Material for the task:
◇ ◇ ◇ ◇

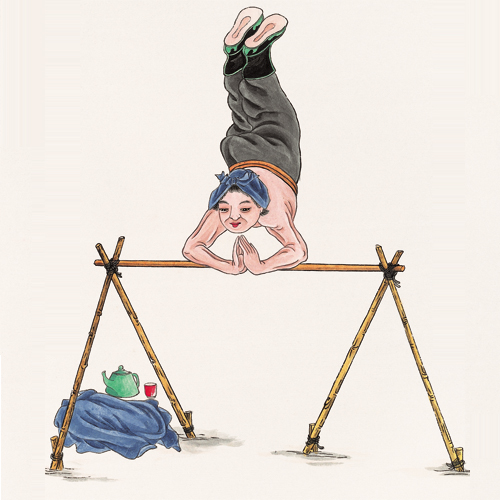清代北京表演单杠技艺称为“盘杠子”,演出形式类似今日体操运动。此术源自棚匠功夫,搭架天棚为高空作业,精练杠上身手以备失足自救。后发展为民间走会的玩意,旧时黑塔寺艺人、缸瓦市万代长清杠会、地安门乐善友杠子、香山幼童杠子为著名杠会,常为皇宫召入作为“内廷供奉”,姿势花样有钓鱼、前坎、后坎、骗马、拿大顶等百余种。光绪年间天桥“八大怪”之一“田瘸子”即为盘杠艺人,除白猿偷桃、鹞子翻身、倒挂金钟等高难动作,还能以食指、中指支撑在杠上倒立。民国晚期天桥艺人曹鹏飞(艺名“飞飞飞”)兄弟精于盘杠,二人或三人能配合演出“空中飞人”。
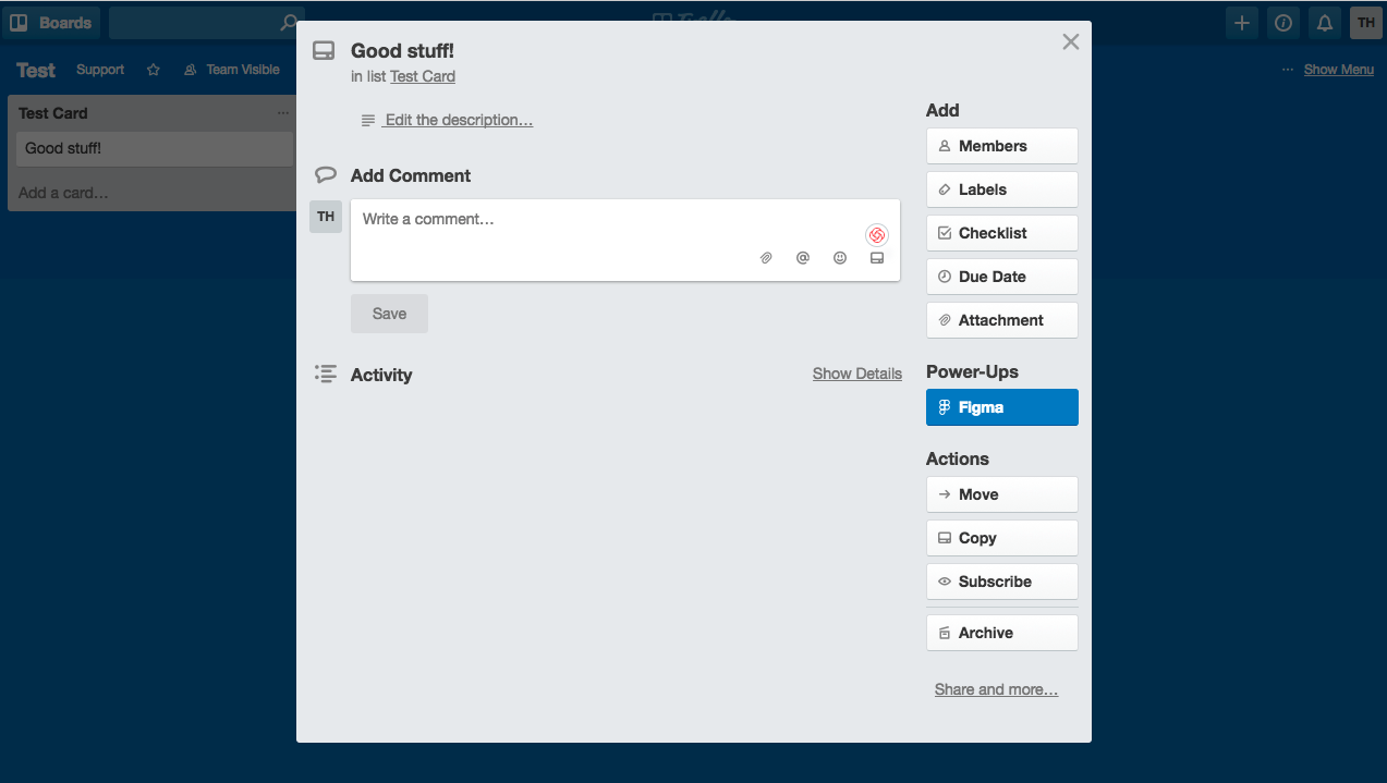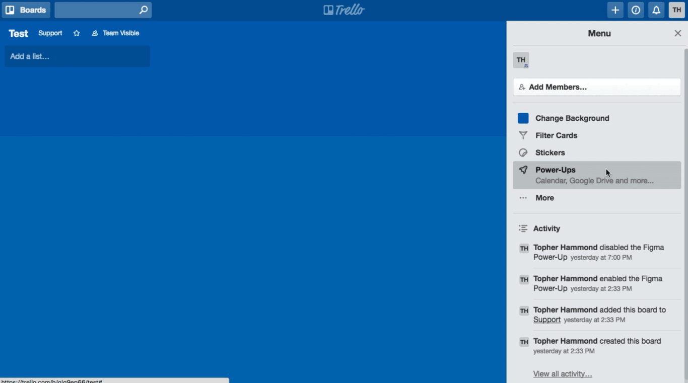 Power-Ups 允许你将其它应用嵌入到 Trello 看板。 通过启用 Figma Power-Up,你可以嵌入 Figma 文件,以便与团队中的设计人员、工程师和其他利益相关者进行更有效的沟通。
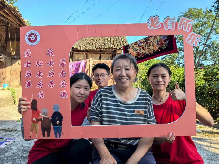 留影时光,岁月铭记。学生们与老人一同拍摄 “呆萌” 照片,捕捉老人劳作、晒太阳、散步等生活瞬间,记录下老人的 “可爱” 与精彩。这些照片经后期冲洗后,将赠予老人留作纪念。在征得老人同意后,队员们还会把与老人交流的小故事整理出来,搭配照片,制作成图文集《桑榆美》,让这些温暖的瞬间得以永久保存,成为老人和队员们共同的美好回忆。
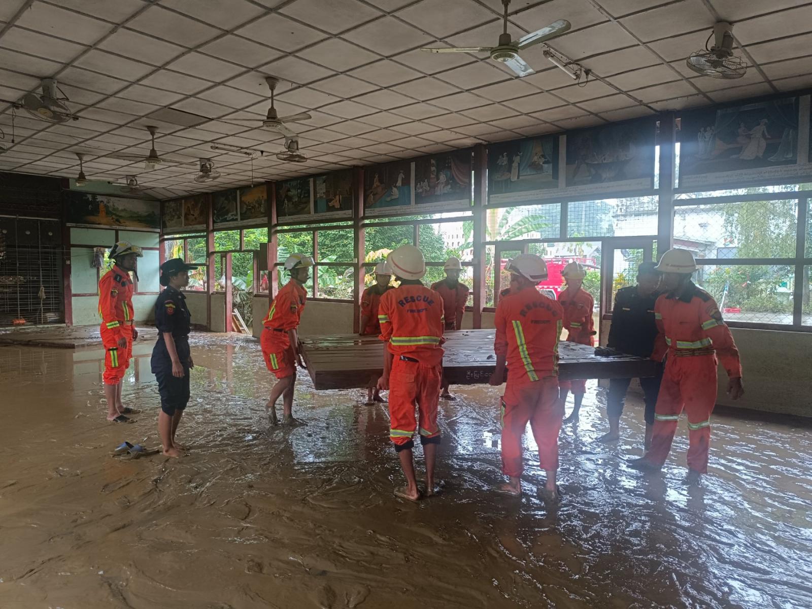 ကချင်ပြည်နယ်၊ ဗန်းမော်ခရိုင်၊ ဗန်းမော်မြို့တွင် ဧရာဝတီမြစ်ရေ ပြန်လည်ကျဆင်းသွားသောကြောင့် ဘုန်းတော်ကြီးကျောင်းများနှင့် အိမ်များတွင် ကျန်ရှိနေသော နုန်းမြေများ၊ အမှိုက်များ၊ ရွံ့စေးများကို ဗန်းမော်ခရိုင်မီးသတ်ဦးစီးဌာနမှ ယမန်နေ့နံနက် ၈ နာရီခွဲတွင် စုပေါင်းသန့်ရှင်းရေးပြုလုပ်ပေးခဲ့ကြောင်း သိရှိရသည်။
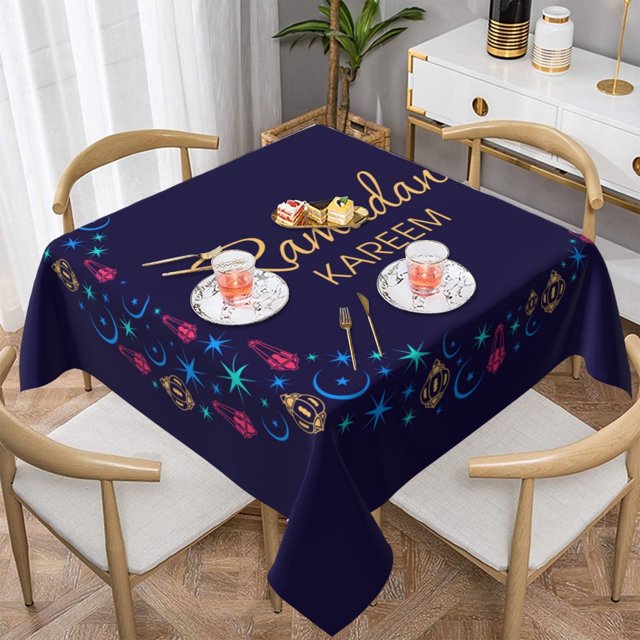 Mantel cuadrado lavable para Ramadán Kareem, mantel decorativo para bodas, fiestas, cenas, festivales, 54 x 54 pulgadas
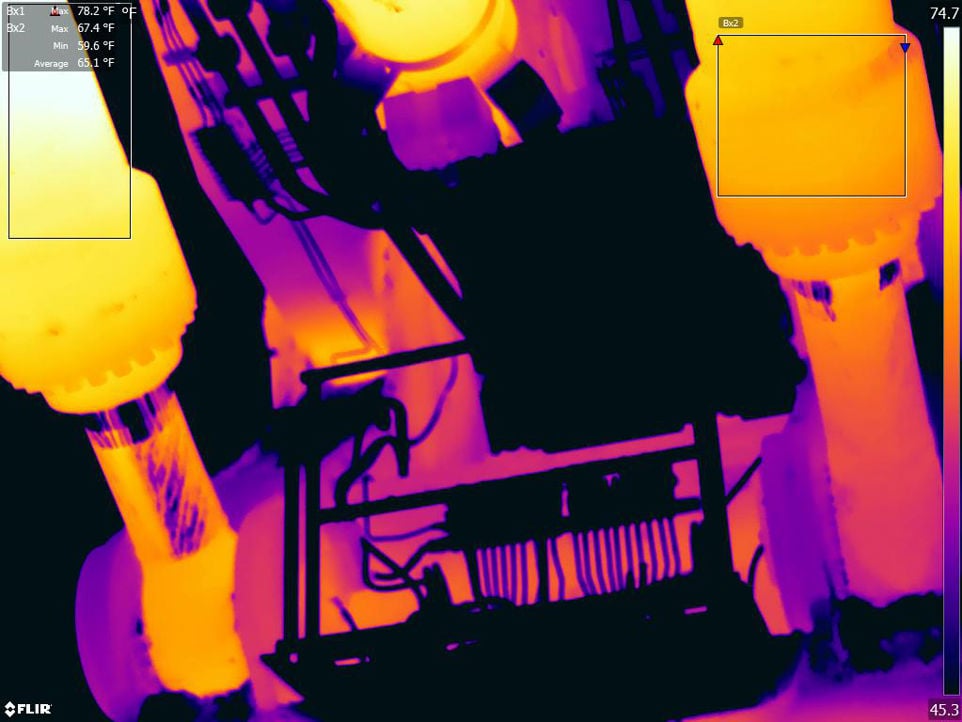 Power is distributed throughout the mine site starting from substations, running through high-voltage transmission lines, then to mobile substations and through transformers. The thermal image in Figure 1 shows a substation voltage regulator termination that is very near failure. This substation fed vital operations, and should it have failed and forced an unplanned shutdown, lost revenue could have reached millions of dollars.

◇ ◇ ◇ ◇

Task statement: Begin at the first line of the entries and stop after the line holding "Power-Ups 允许你将其它应用嵌入到 Trello"; repeat those lines exactly, but not the pictures.

Reply:
清代北京表演单杠技艺称为“盘杠子”,演出形式类似今日体操运动。此术源自棚匠功夫,搭架天棚为高空作业,精练杠上身手以备失足自救。后发展为民间走会的玩意,旧时黑塔寺艺人、缸瓦市万代长清杠会、地安门乐善友杠子、香山幼童杠子为著名杠会,常为皇宫召入作为“内廷供奉”,姿势花样有钓鱼、前坎、后坎、骗马、拿大顶等百余种。光绪年间天桥“八大怪”之一“田瘸子”即为盘杠艺人,除白猿偷桃、鹞子翻身、倒挂金钟等高难动作,还能以食指、中指支撑在杠上倒立。民国晚期天桥艺人曹鹏飞(艺名“飞飞飞”)兄弟精于盘杠,二人或三人能配合演出“空中飞人”。
 Power-Ups 允许你将其它应用嵌入到 Trello 看板。 通过启用 Figma Power-Up,你可以嵌入 Figma 文件,以便与团队中的设计人员、工程师和其他利益相关者进行更有效的沟通。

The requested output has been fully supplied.